Potential bug in simulation with fixed covariates and parameter uncertainty

frbrz commented 3 years ago

Hi,

Thanks for this great package.

I am using RxODE to simulate a population with uncertainty in their population parameters. I am interested in the scenario where baseline covariates are fixed across simulations and I am getting some strange results, as covariates do not appear to remain constant for the same id in different sim.id.

I have attached a minimal reproducible example, based on the simulation article ( https://nlmixrdevelopment.github.io/RxODE/articles/RxODE-sim-var.html#simulation-from-inverse-wishart-correlations-1).

Side note: I think I noticed a typo on the webpage. In the Rx1 model, cl is defined as: cl <- tcl*(1+crcl.cl*(CLCR-65)) * exp(eta.v) should eta.v be replaced by eta.cl?
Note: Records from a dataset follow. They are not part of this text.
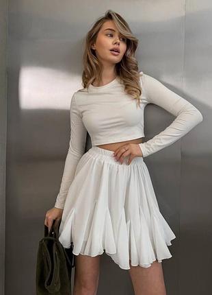 спідниця-шорти - стильний та зручний одяг для літніх днів. Ідеальний варіант для прогулянок або пікніків. Тканина: Софт, підклад спідниці бавовна шорти Кольори: білий, рожевий, чорний Розміри: один розмір (орієнтовано 42-44) Ціна 550грн Тренд цього сезону повітряна спідниця з валанами та підкладкою із бавовни яка іде шортами
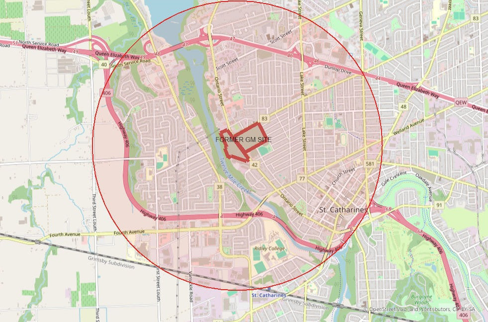 Studies have shown that the health impacts of a brownfield site can extend 2,000 metres beyond the property line. The map above shows a 2,000 metre buffer around the contaminated former GM site in St. Catharines.
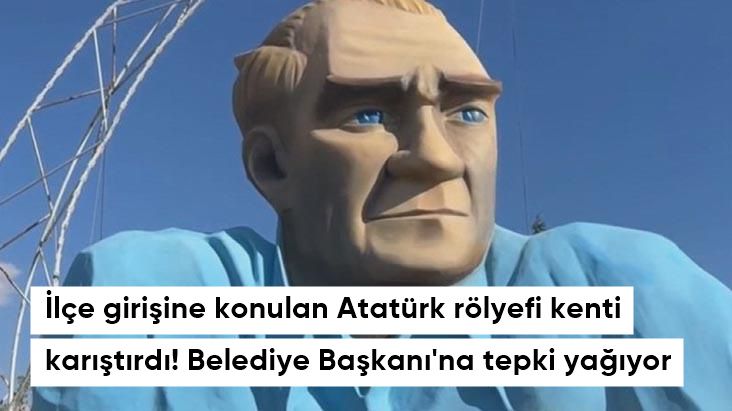 İlçe girişindeki Atatürk kabartması şehrin kafasını karıştırdı! Belediye Başkanına Tepkiler Yağdı
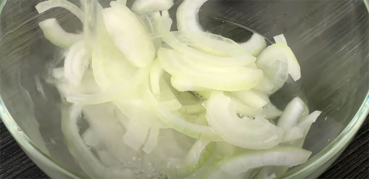 2. Очистите лук и нарежьте полукольцами или кубиками, залейте кипятком на 1–2 минуты, затем откиньте на сито, чтобы убрать горечь. Очистите чеснок и мелко нарежьте или пропустите через пресс.

Back to the problem: I want to simulate 100 individuals, 10 times with the same covariates. I am using the iCov argument in the solve function. I have tried three different approaches, which I believe should give the same results (see code below for more details):

Define a data.frame with id = 1:100 and the baseline covariates. I obtain an error 'nSub'*'nStud' does not match the number of subjects in 'iCov'.
Define a data.frame with id = 1:100 and the baseline covariates and repeat it 10 times. In the solve object obtained the baseline covariate (e.g WT) changes value for each id. I would have expected the covariate to remain constant for each id.
Define a data.frame with id = 1:(100 * 10) assuming id 1, 101, 201 etc have the same covariates. The solve object obtained has very stange baseline covariate values (e.g. e-320). My impression is that all ids > 100 are somehow ignored.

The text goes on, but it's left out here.